I think the right view is "probability of survival of happiness". Given
some assumptions about server reliability, we can calculate for any given
distribution of shares what the probability of file survival is over a
given interval. That means that we can also calculate (perhaps directly,
or perhaps through a quick numerical search) the number of shares we need
to distribute in order to achieve a given level of reliability.

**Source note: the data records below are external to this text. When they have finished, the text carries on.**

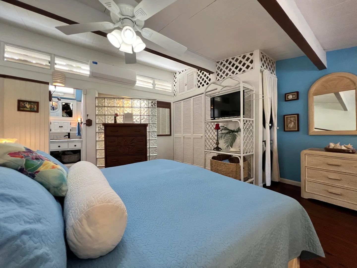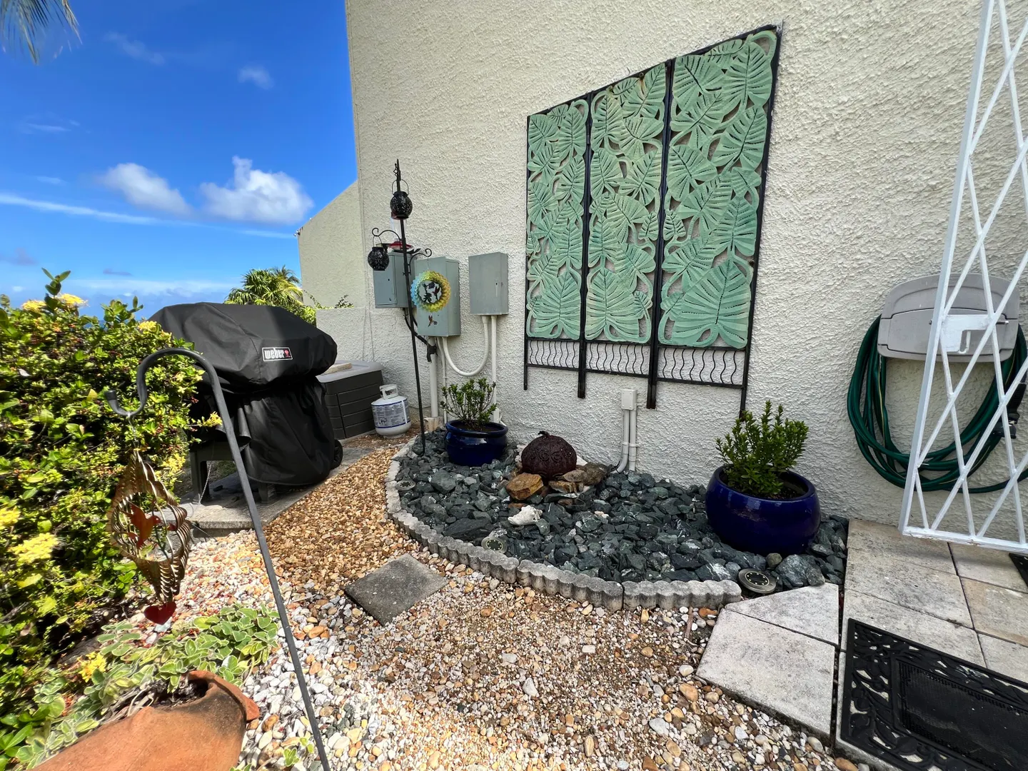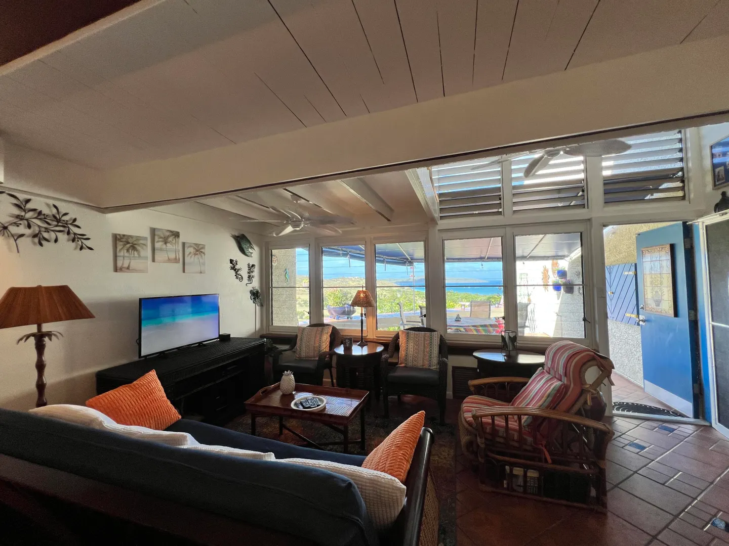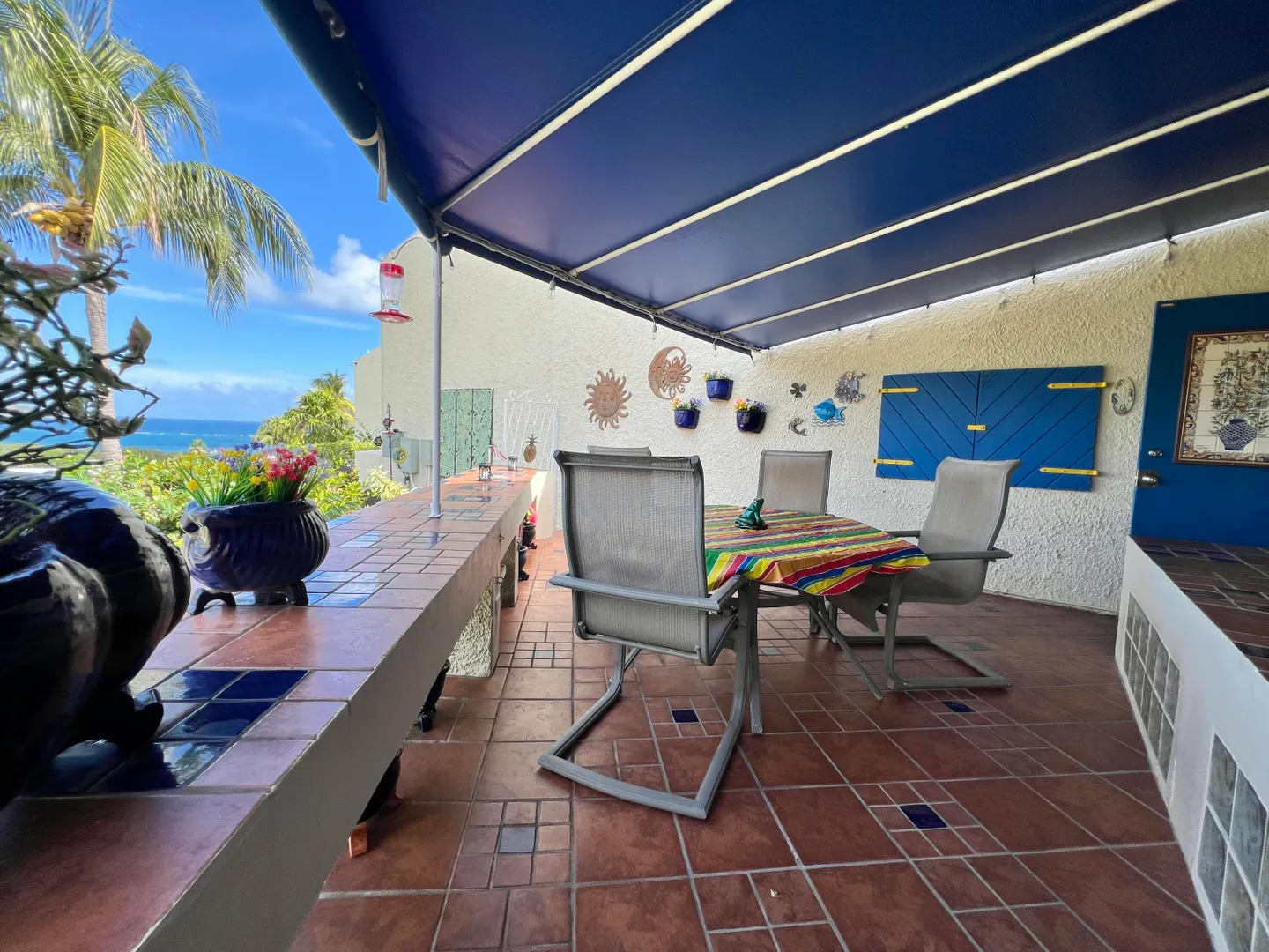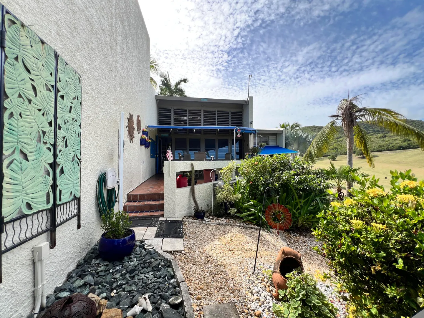 Welcome to Chez Nous! Meticulously maintained 2-bed, 2-bath expertly converted condo tucked into the east end hillside of a gated community. Enjoy 24-hour security, on-site office, and resort-style amenities including a 9-hole golf course, tennis & pickleball courts--all with the beach right across the street. Inside you'll find a custom kitchen with built-ins, propane cooktop, dishwasher, W/D, ceiling fans, split and window A/C units, whole-condo surge protector, and an 8100 kW generator. Extra outdoor grilling space located off the patio with the 12x17 canopy! Offered fully furnished and equipped--just bring your suitcase!
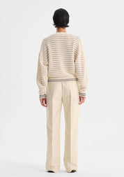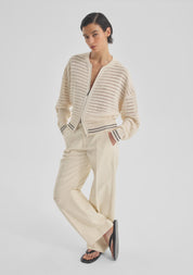 The Dallas Jacket from Morrison is crafted from a soft cotton-blend yarn with an airy open mesh stitch throughout. Designed with a relaxed silhouette, full-length sleeves, and a sleek double-ended front zip, it’s finished with bold contrast stripe detailing at the cuffs and hem for a refined look.
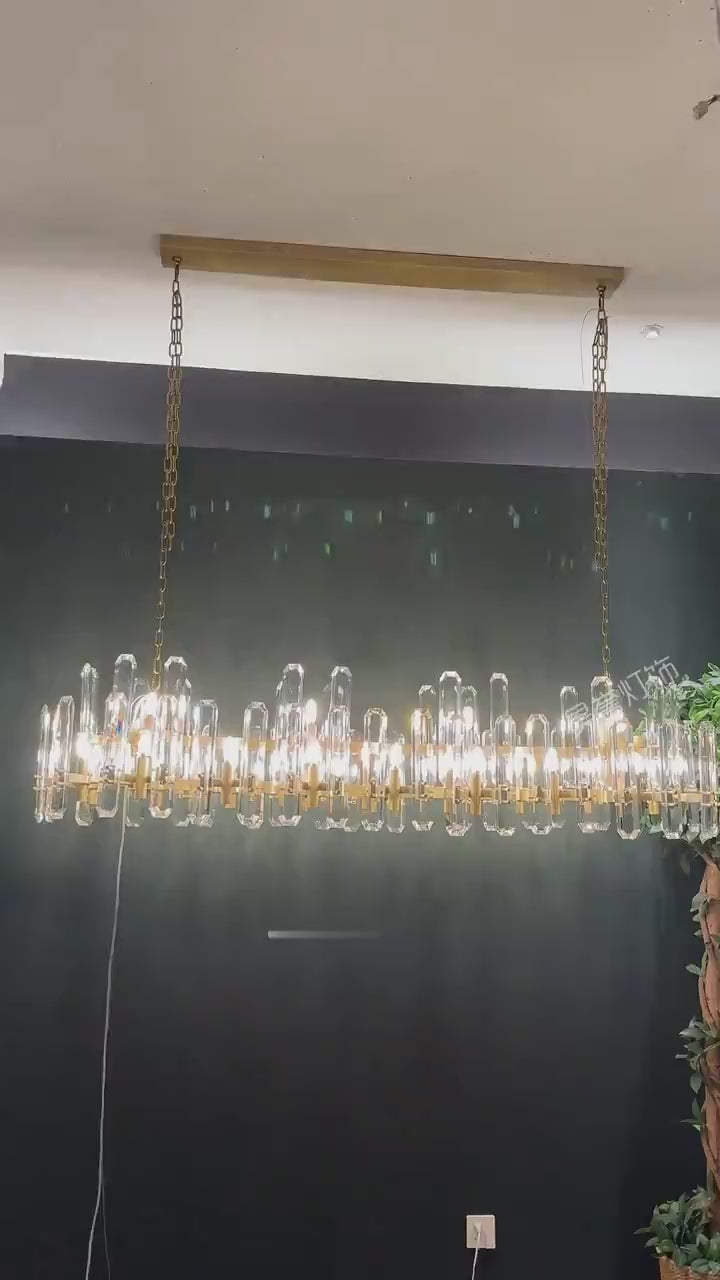 8/10 灯美式几何水晶黄铜矩形吊灯 40“&45”

This would fix the original problem of this thread: If it is impossible
to distribute enough shares to enough servers to achieve the required
reliability, then the upload would fail. Ultimately, I think it's a far
more useful and flexible approach to the issue. A future Tahoe
incarnation that tracks statistics on the availability of peers could
estimate their reliability individually, and generate and distribute
additional shares to attain the required file reliability. Heck, given
aggregate data from a large enough number of grids, we might be able to
estimate reliabilities for given hardware/OS configurations to feed into
the mix. A share on a Debian stable machine with RAID-6 storage and 100
days of uptime is worth more than a share on a laptop running a copy of
Vista which was re-installed last week. Actually implementing the code
required to gather all of that sort of data and usefully synthesize it
would be a significant project all on its own, but the point is that it
would fit within the reliability-based framework, as would anything else
we could dream up to make reliability estimates more accurate.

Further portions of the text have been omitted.